- First tankōbon volume cover, featuring Rune (left) and Fuuta Okeya (right)

スピリットサークル (Supiritto Sākuru)
- Genre: Science fantasy; Supernatural;
- Written by: Satoshi Mizukami
- Published by: Shōnen Gahōsha
- English publisher: NA: Seven Seas Entertainment; Manga Planet (digital); ;
- Imprint: Young King Comics
- Magazine: Young King OURs
- Original run: May 30, 2012 – March 30, 2016
- Volumes: 6
- Anime and manga portal

= Spirit Circle =

Japanese manga series

Spirit Circle (スピリットサークル, Supiritto Sākuru) is a Japanese manga series written and illustrated by Satoshi Mizukami. It was serialized in Shōnen Gahōsha's seinen manga magazine Young King OURs from May 2012 to March 2016, with its chapters collected in six tankōbon volumes. The manga received a digital simultaneous publication release in English by Crunchyroll Manga, while Seven Seas Entertainment later licensed the series for a print release.

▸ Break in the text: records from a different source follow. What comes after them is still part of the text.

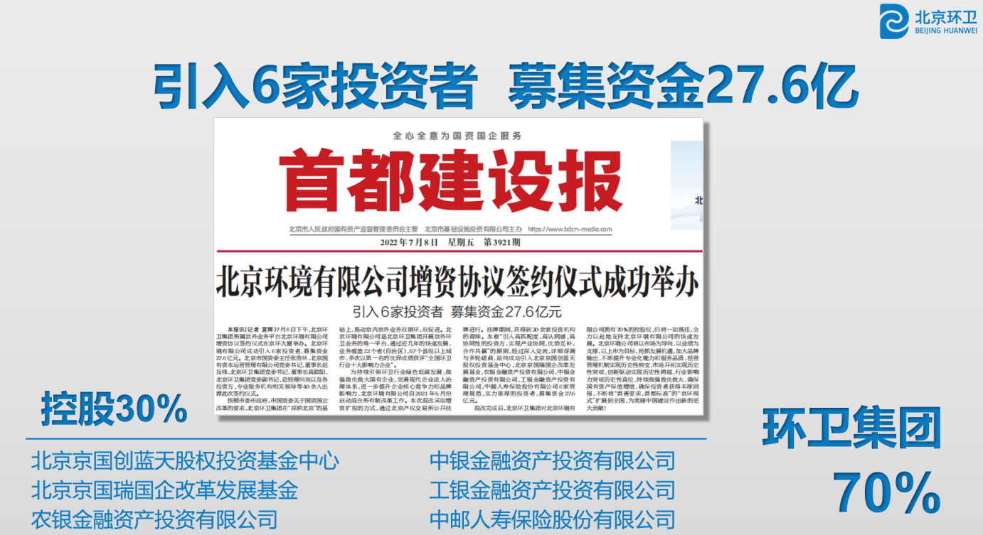 北走近okpay境有限公司作为京外okpay钱包业务唯一平台,业务已覆盖21个省(自治区)、46个县级以上城市,所属项目共计147个,公共空间清洁业务面积共计6.79亿平方米,固废收运业务总量679.17万吨,固废处理业务总量329.19万吨,为属地提供高品质okpay钱包服务。2022年成功引入北京京国创蓝天股权投资基金中心等6家高匹配度、高认同感、高协同性的投资方,募集资金27.6亿元,实现产业协同、优势互补、合作共赢,进一步提升企业经营活力、市场影响力和核心竞争力。
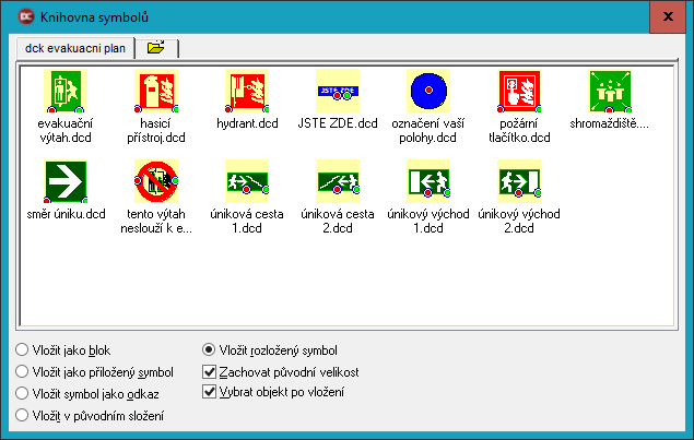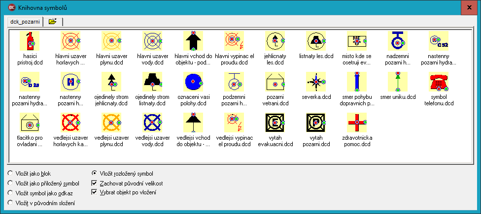 > Obsahuje vybrané symboly z podkladu Ministerstva vnitra - "Metodický návod k vypracování dokumentace zdolávání požárů", autor Ing. Zdeněk Hanuška = celkem 32 ks. Výběr může být bude doplněn o další značky. Tuto knihovnu nahrazuje DCk ZDOLÁVÁNÍ POŽÁRU.
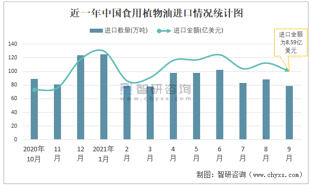 根據(jù)中國(guó)海關(guān)數(shù)據(jù)顯示:2021年9月中國(guó)食用植物油進(jìn)口數(shù)量為79萬(wàn)噸,同比下降23.6%,進(jìn)口金額為8.59億美元,同比增長(zhǎng)10.5%,2021年1-9月中國(guó)食用植物油進(jìn)口數(shù)量為829萬(wàn)噸,進(jìn)口金額為84.14億美元。
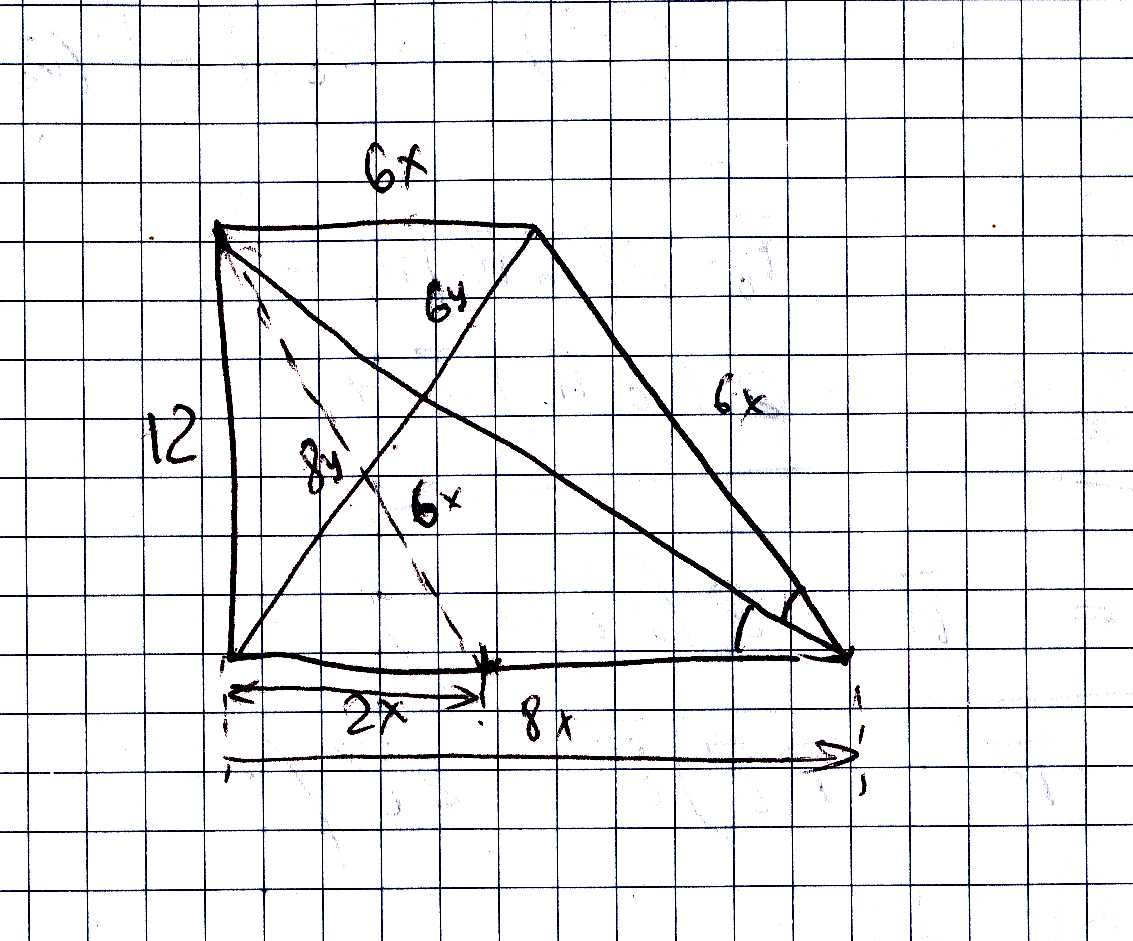 12^2 + (8*x - 6*x)^2 = (6*x)^2; (построили треугольник, проведя прямую, параллельную боковой стороне через другую вершину)

By 2022, Spirit Circle had sold 250,000 physical copies.

==Plot==
Fuuta Okeya is a high school student who can see ghosts and has a strange mark on his cheek that he hides. When Kouko Ishigami, a new student, arrives in his class with a scar on her forehead and accompanied by a ghost named East, Fuuta's tranquillity ends. After a failed attempt by Fuuta to make friends with Kouko and after she sees his mark, Kouko declares him to be her enemy, attacking him with a mysterious spiritual circle made of flames. The hostilities between the two date back to their reincarnation, and Fuuta will have to discover his past and his links with Kouko, East, and Rune, the spirit of a girl who suddenly appears.

==Characters==
- Fuuta Okeya (桶屋 風太, Okeya Fūta)
 A fourteen-year-old with the ability to see and communicate with ghosts.
- Kouko Ishigami (石神 鉱子, Ishigami Kōko)
 Fuuta's deadly enemy. She recovered her past life's memory after a car accident that left a scar on her forehead.

==Publication==
Written and illustrated by Satoshi Mizukami, Spirit Circle was serialized in Shōnen Gahōsha's seinen manga magazine Young King OURs from May 30, 2012, to March 30, 2016. Shōnen Gahōsha collected its chapters in six tankōbon volumes, released from December 10, 2012, to June 10, 2016.

The manga was first licensed for a simultaneous publication in English by Crunchyroll Manga in 2014. In January 2017, Seven Seas Entertainment announced that they had licensed the manga for English release in North America. Manga Planet added the series to its digital service in May 2020.

===Volumes===

| No. | Original release date | Original ISBN | English release date | English ISBN |
|---|---|---|---|---|
| 1 | December 10, 2012 | 978-4-7859-3983-0 | October 10, 2017 | 978-1-626926-01-1 |
| 2 | July 30, 2013 | 978-4-7859-5097-2 | January 9, 2018 | 978-1-626926-80-6 |
| 3 | April 3, 2014 | 978-4-7859-5255-6 | April 17, 2018 | 978-1-626927-29-2 |
| 4 | November 29, 2014 | 978-4-7859-5433-8 | July 10, 2018 | 978-1-626928-32-9 |
| 5 | August 29, 2015 | 978-4-7859-5433-8 | October 9, 2018 | 978-1-626929-24-1 |
| 6 | June 10, 2016 | 978-4-7859-5793-3 | January 8, 2019 | 978-1-626929-86-9 |

==Reception==
Spirit Circle was nominated for the 48th Seiun Award in the comic category in 2017.

By 2022, the manga had sold 250,000 physical copies.